Preserving the Past, Stewarding the Future
The Brandstad Family has already conserved 175 acres of their family property and now the remaining 158 acres are in the final stages of completion – on its way to a forever-farm thanks to the family’s commitment to their 150-year old farming legacy and a partnership with Central Valley Farmland Trust. This picturesque farm is located in San Joaquin County near the community of Linden. Their journey to conserve these two highly productive farms began in 2011 and now will reach its close in early 2014.
Central Valley Farmland Trust worked with owners Jon and Christine Brandstad and Jon’s brother, both owners of their own portion of the total farm acreage. CVFT also leveraged funding from the Department of Conservation’s California Farmland Conservancy Program, Natural Resources Conservation Service’s Farm and Ranchland Protection Program and local mitigation fees to conserve the remaining portion of the farm. Using the tool of an agricultural conservation easement maintains their private ownership and the rights that come with owning land, but extinguishes the ability to ever divide or convert the land away from agriculture.

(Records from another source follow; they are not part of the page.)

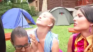 Женский порно оркестр получает золотой дождь и трахается на лужайке
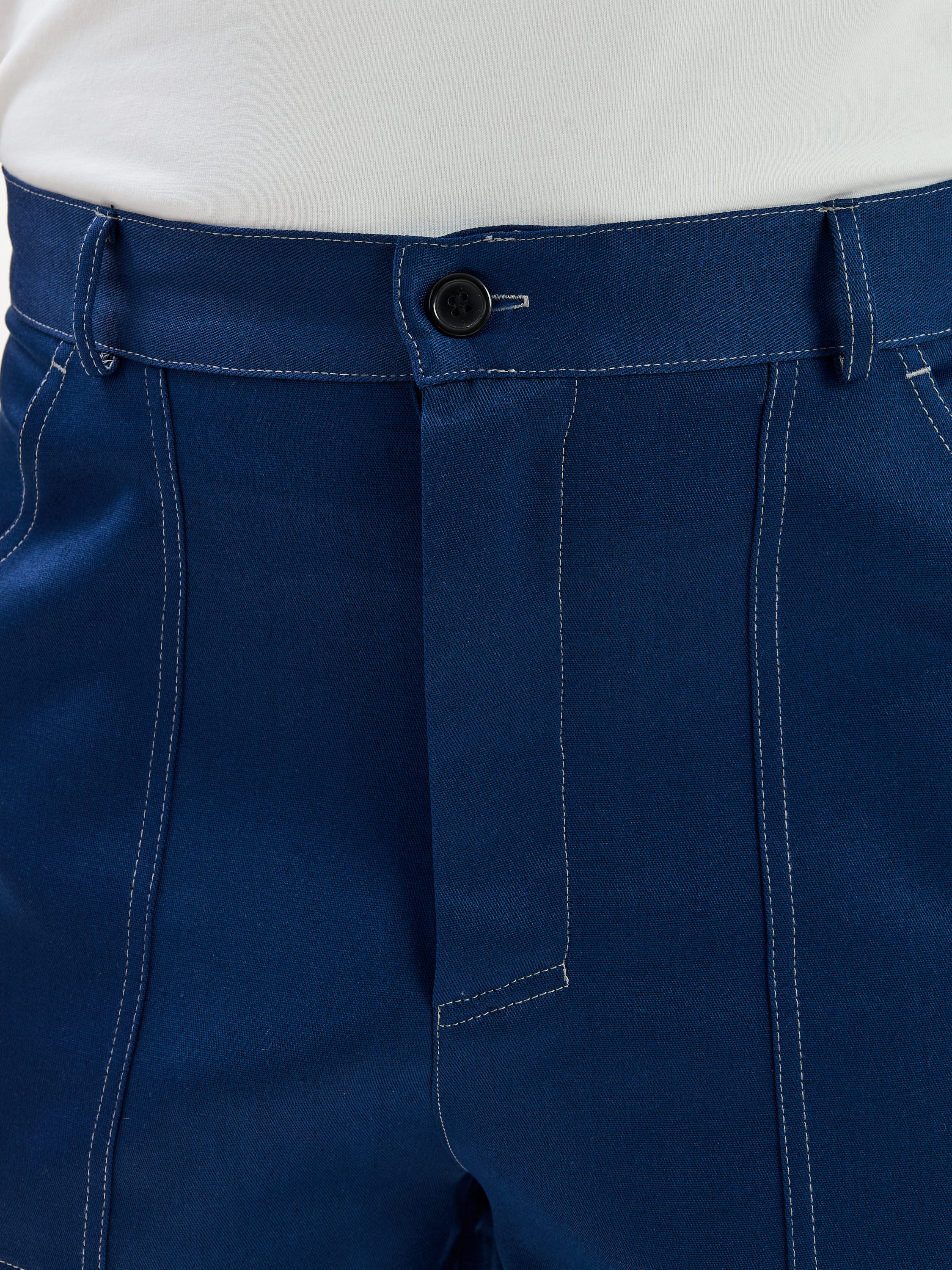 - Удобная посадка: пояс с пятью шлевками под ремень и талиевые вытачки
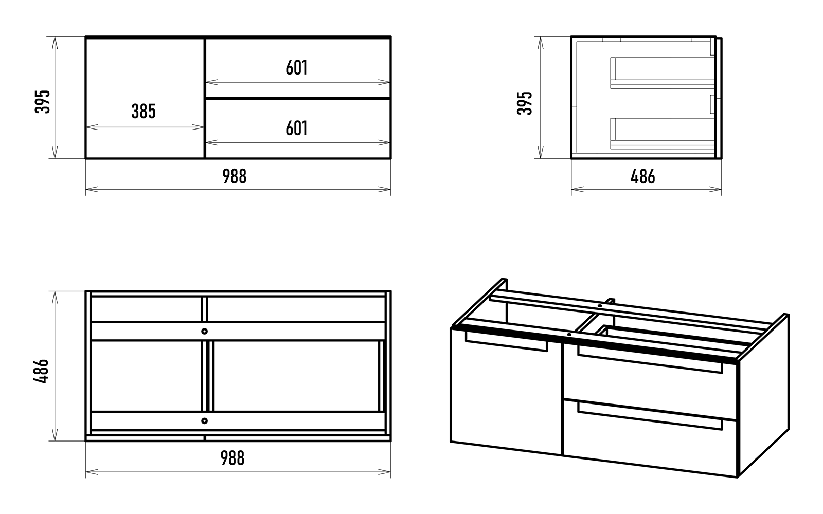 Подвесная тумба под раковину Brevita Cargo CAR-01100-021П2Я 100см чёрный

This prime farmland produces walnuts and cherries, and also boasts a small olive orchard. The fourth generation farmers, the Brandstad brothers, made this decision collectively with their families and children to commit their lives and their land to farming forever. Jon’s nephew, Jeff, is the new manager of Jon’s portion of the farm maintaining the family’s tradition on the land. Jeff’s oldest son, Richard, works the farm during harvest in the summers, making six generations on the farm.
The farming operation focuses on efficiency and closely manages their trees. “We are very happy to have our nephew Jeff come and manage our portion of the ranch,” said Jon Brandstad. “He knows this land, our trees, and how to take this operation to the next level. As the second half of the farm nears completion of our conservation project we know our history and stewardship will go on.”
The property is also home to the original farm house that Jon’s great-grandfather built; they moved into the house on New Year’s Day 1900. Their grandfather bought the original conserved property for his own during the Depression for $15 per acre. “He struggled to get it and struggled to keep it,” said Jon. “We are passionate about preserving farmland; we have a lot of pride in what we do because of who came before us.”
“It would break our hearts to see this place with so much history and hard work invested in it turned into houses or a development one day,” said Christine. “No matter who owns this place in the future, its history will live in the land and continue to provide for our next generations.”
“These easements are good for everybody,” said Jon. “It protects the environment and teaches future generations to care for the land. We must pass these concepts onto our children so their children will know it too.”
“The Brandstad Farm is a highly productive asset and generates significant economic benefit to the local community and the State. We have been delighted to work with this family and our conservation partners on this project,” said Bill Martin, executive director of CVFT. “The Brandstad family members are passionate stewards of the land and their gift to us all is a legacy of farming and family values whose indelible mark will live on in perpetuity.”